Analysis from Israel
Public-sector workers enjoy more benefits than anyone else yet they also demand the unlimited right to strike, even if it means endangering the population.
On December 16, a man was stabbed to death in Tel Aviv. It subsequently emerged that the chief suspect in his murder had been safely behind bars two weeks earlier, having been arrested for another crime. But due to the prosecutors’ strike, he was released: The court would not accede to a police request to keep him in custody unless the prosecution backed it, and thanks to the strike, no prosecutor was present in court to do so.

This man was far from the only dangerous suspect freed due to the six-week strike.
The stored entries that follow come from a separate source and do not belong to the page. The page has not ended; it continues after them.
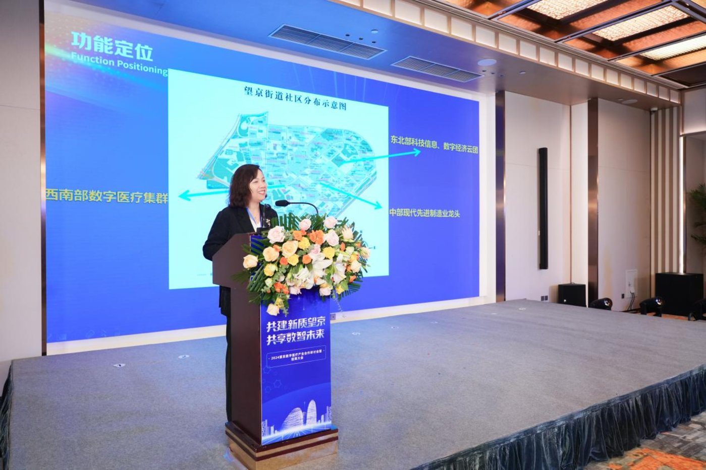 望京街道工委副书记、办事处主任刘丹介绍了望京地区在推动数字经济与医药健康产业融合发展方面的优势与举措。按照朝阳区“商务+科技”双轮驱动发展理念,望京街道已成功构建起三大经济产业片区布局。其中,西南部作为数字医疗产业发展区域,望京街道通过坚实的产业基础为依托,突出的创新能力以及朝阳区有力的政策支持,打造了具有望京特色的高质量数字医疗产业集群。同时,望京街道积极链接优质企业资源,在望京地区打造了“北京数智中医药谷”,共同推动了科技成果转化落地,通过辐射周边区域,进一步推动地区数字医疗产业繁荣发展。
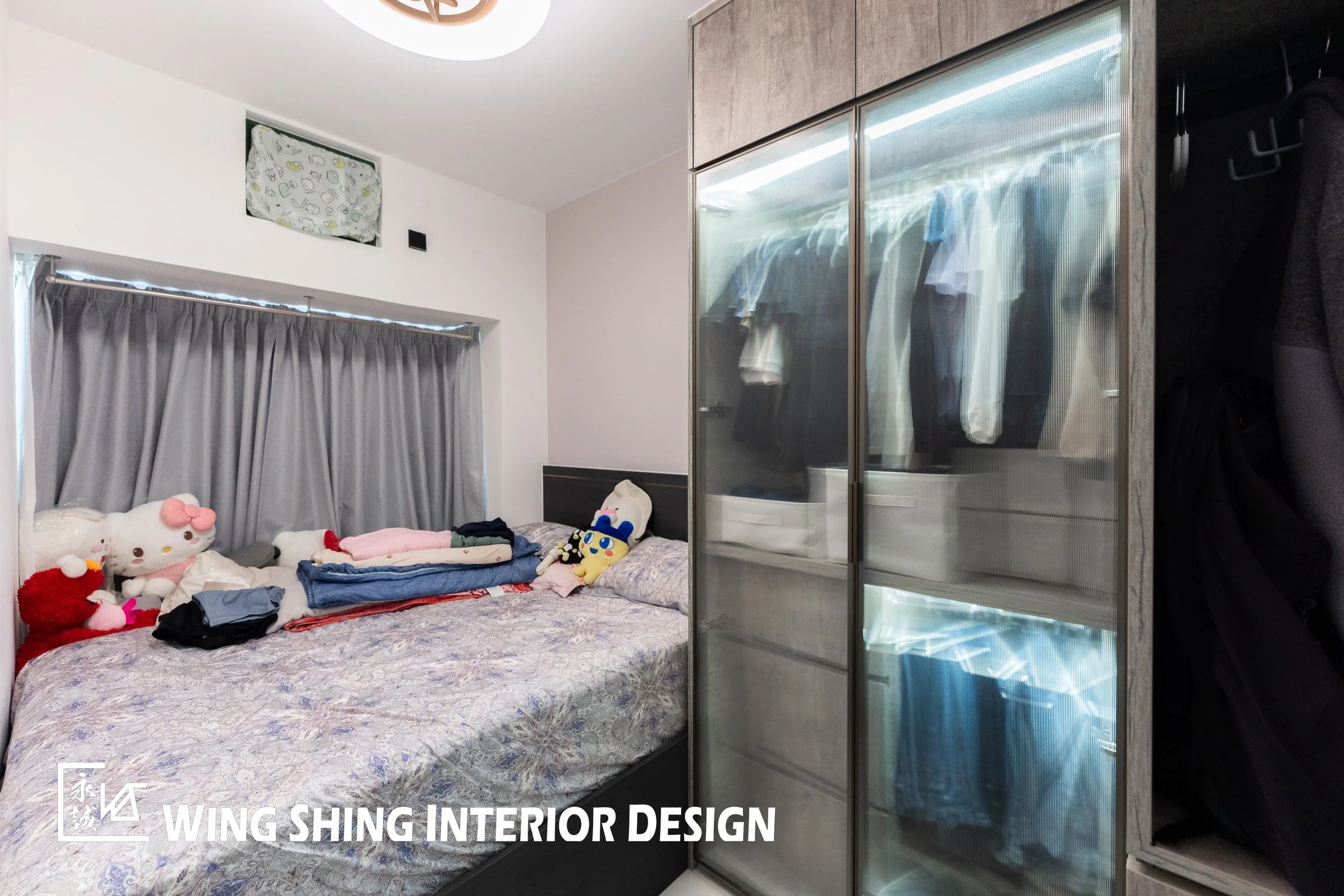 該睡房未做固定傢俬,作為小朋友的專屬玩具房,高架床不擠占小朋友活動空間,避免磕碰,又能充當為臨時客房。
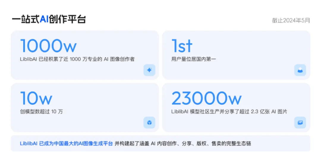 与税务瑕疵形成鲜明对比的是,“哩布哩布AI”官网大肆宣传自身“实力”:截至2024年5月,平台累计拥有近1000万专业创作者用户,号称“国内用户量第一”。
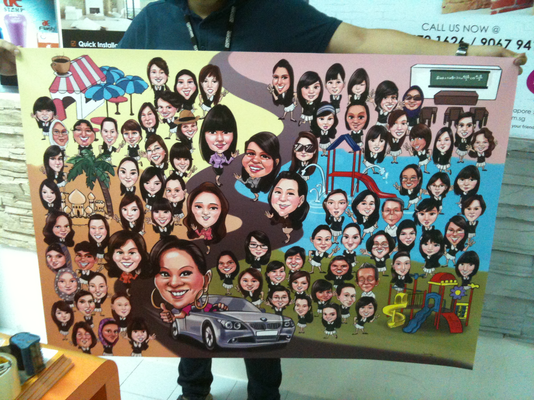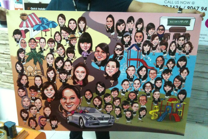 Group caricature with someone’s farewell:
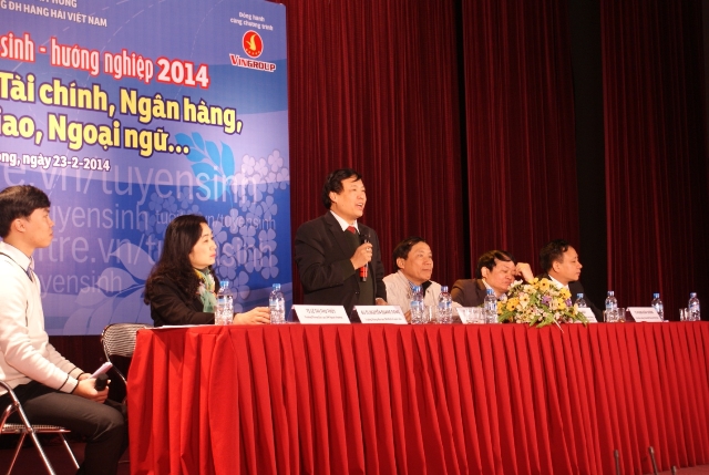 Mở đầu cho chuỗi các hoạt động tư vấn tuyển sinh tại các địa điểm, ngày 22/02/2014, đoàn công tác đã có mặt tại THPT Chu Văn An để tham gia chương trình “Tư vấn tuyển sinh 2014” do Đài truyền hình Việt Nam tổ chức được truyền hình trực tiếp trên kênh VTV2. GS.TS Nguyễn Quang Dong đã tham gia Ban Tư vấn trực tiếp giải đáp thắc mắc của các bạn học sinh liên quan đến những điểm mới trong tuyển sinh, việc lựa chọn nghề nghiệp, ngành và chuyên ngành đào tạo của Trường cũng như cơ hội nghề nghiệp đối với sinh viên sau khi hoàn thành chương trình đào tạo. Tại khu vực gian hàng, đại diện Trường cũng như cán bộ tư vấn từ các Viện Đào tạo quốc tế, Viện Quản trị kinh doanh, Trung tâm đào tạo tiên tiến đã tiến hành tư vấn và phát tài liệu thông tin tới hơn 300 em học sính của trường THPT Chu Văn An.
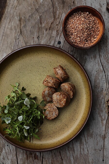 此外,主廚更以原住民常食用的樹豆取代黃豆發酵,加上小米,變成小米味噌醬,整大家入口感受檸檬香、胡椒味的刺蔥,產生衝突與對比,吃雞腿排時不膩口,刺蔥味噌的甜味也能取代糖的添加。再加上馬告、土當歸、月桃葉等原住民辛香料調味,味道深邃富有層次。
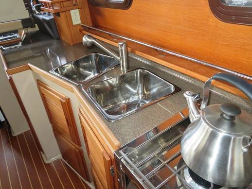 Galley to starboard with double stainless sinks, LPG stove/oven, and 12VDC refrigerator
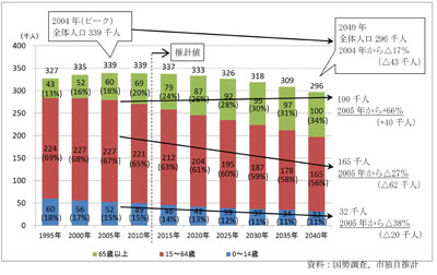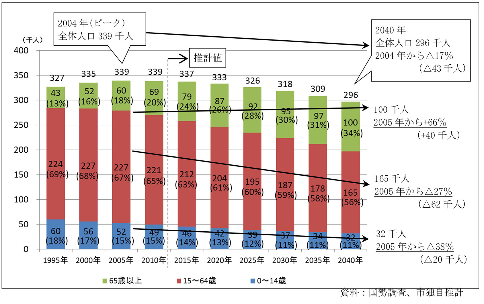 郡山市においても人口は、2004(平成16)年をピークに減少に転じ、今後も減少が見込まれている。また、少子高齢化の進行も深刻な状況である。こうした人口減少や少子高齢化社会への対応は、都市政策面でも重要かつ大きな課題であり、都市計画法や都市再生特別措置法等に規定する地方自治体の各種計画により、対応の方向性や具体的な事業、プロジェクト等が展開されている。
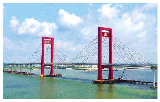2021年5月4日拍摄的湛江调顺跨海大桥(无人机照片)。大桥跨越湛江湾连接湛江市调顺岛及海东新区,对加快广东粤西片区经济发展发挥重要连通作用。新华社发(杨凝摄)
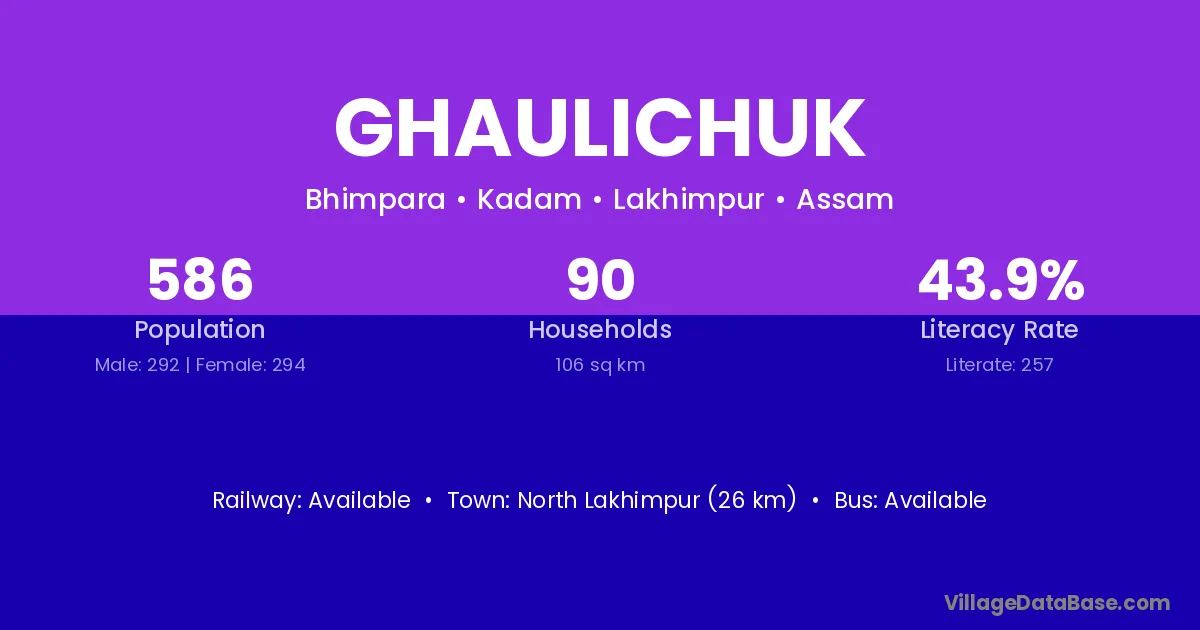 North Lakhimpur (26 km) is the nearest town to Ghaulichuk village for major economic activities and is located approximately 26 km away.
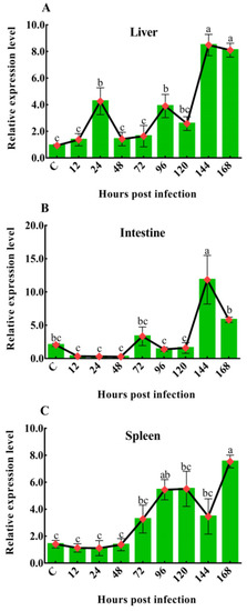 The mRNA expression patterns of CiDf in the liver (A), intestine (B), and spleen (C) during GCRV infection. Vertical bars represent the mean ± SD. The letters a–c represent significant differences among the expressions in the liver, spleen, and intestine at various time points post-GCRV challenge (p < 0.05).
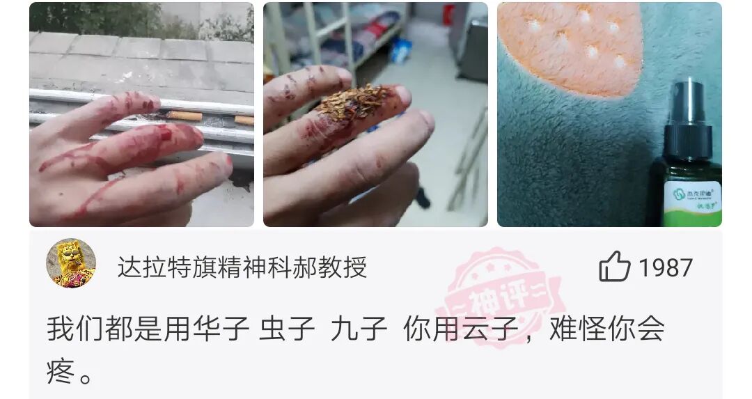 是哪个逼玩意说用烟草止血的站出来这怎么清理掉疼死人
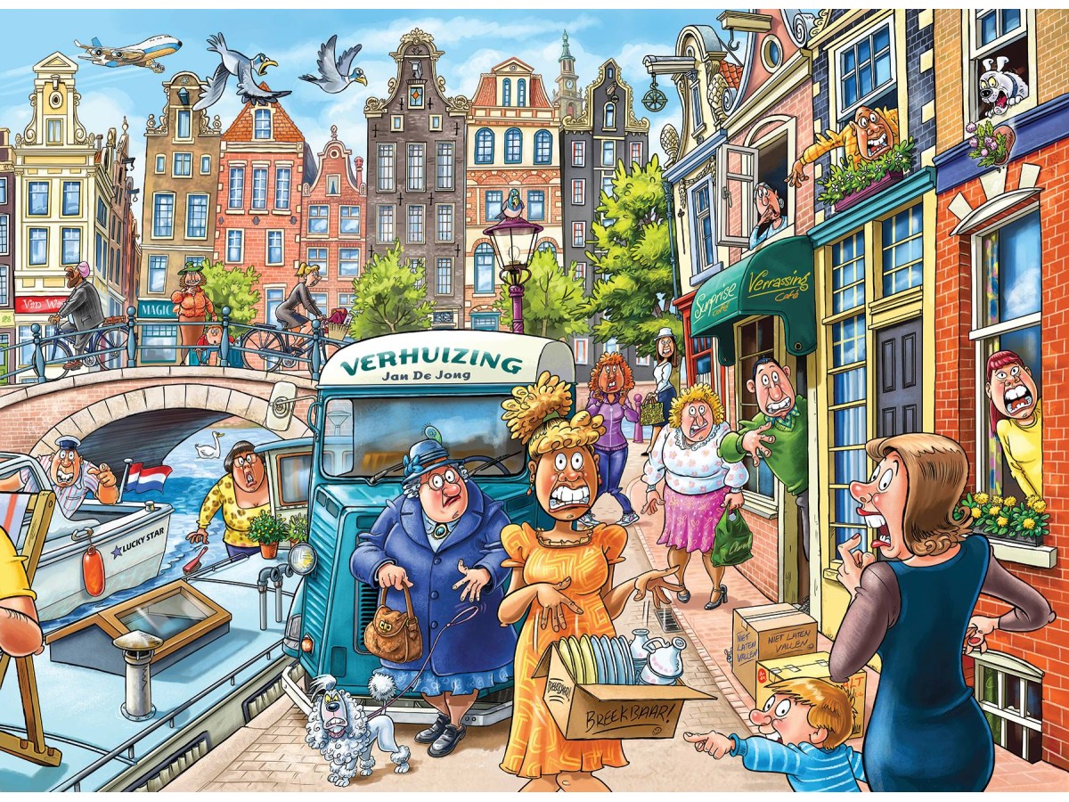 Imaginea redă o scenă animată și colorată dintr-o stradă aglomerată, probabil într-un oraș european dată fiind arhitectura clădirilor. În centrul compoziției, o familie pare să se mute, încărcând sau descărcând diverse obiecte dintr-o camionetă de mutări. Personaje diverse, de la tineri la bătrâni, sunt înfățișate în diverse poziții și cu expresii vii, fiecare contribuind la povestea scenei. Strada este străbătută de un canal, peste care se întinde un pod, adăugând o dimensiune pitorească compoziției generale.
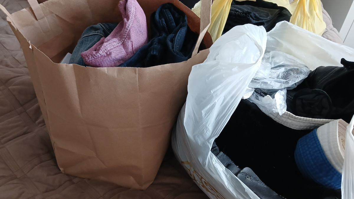 У меня продолжается расхламление. И вас я тоже продолжаю вдохновлять на разбор шкафов и избавление от ненужного, лишнего, от того, чем давно не пользуетесь. 🤩 Все, что мы отобрали вчера на отдать-продать-выбросить в шкафу сына перебрала еще раз и сгруппировала по пакетам. Плюс были пакеты с вещами, которые я ранее разбирала. Один пакет отнесу в экобокс, у нас есть неподалеку. Сдам туда вещи. Второй пакет -полотенца старые и старое покрывало с кровати сына, а также 2 пододеяльника и 2 наволочки. Это хочу передать в приют вместе с миской. Тут у нас 31 декабря один пододеяльник приказал долго жить. Достала из стирки, а он уже того...Так что тоже отправится к собачкам в приют. Третий и четвертый пакеты битком (на фото на переднем плане) - это вещи, которые нужно отвезти на барахолку Чумодан. С их продажей не хочу заморачиваться, проще отдать так. Присоединила к ним еще несколько мелочей из тех, что провисели год на авито и не продались. Добавила свое джинсовое платье и старую джинсовую
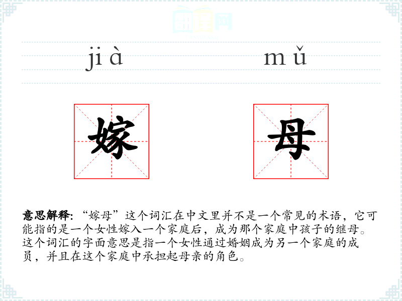 “嫁母”这个词汇在中文里并不是一个常见的术语,它可能指的是一个女性嫁入一个家庭后,成为那个家庭中孩子的继母。这个词汇的字面意思是指一个女性通过婚姻成为另一个家庭的成员,并且在这个家庭中承担起母亲的角色。

Nor were such releases its only unacceptable consequence. Other suspects remained in jail for additional long weeks while their trials were on hold due to the strike, though they may ultimately be proven innocent. And even purely monetary cases can have life-or-death consequences. For instance, the strike ended just before NIS 95 million confiscated during a probe of an organized crime ring came up for judicial review, and the court might well have returned it – thus enabling it to finance new crimes – had prosecutors not been present to justify its continued retention.

Taxed with such problematic results, prosecutors repeatedly asserted that the right to strike is a basic right which must be upheld no matter how much damage it does. That is nonsense. Even in Israel, this right is limited; the law bars both policemen and career soldiers from striking. And some democracies impose far more sweeping restrictions: The US, Canada and Japan, for instance, bar civil servants in a wide range of key industries from striking.

What is true, however, is that the prosecutors are models of responsibility compared to unions at other public-sector monopolies. This was their first strike ever, and their demands were generally not unreasonable. Reimbursement for work-related expenses, for instance, is certainly justified. And while the 25% raise they initially sought was excessive, they are right that since prosecutors face off against the country’s top criminal and corporate lawyers, the state must pay enough to keep competent young lawyers from fleeing public service, even though it can’t match top private-sector salaries.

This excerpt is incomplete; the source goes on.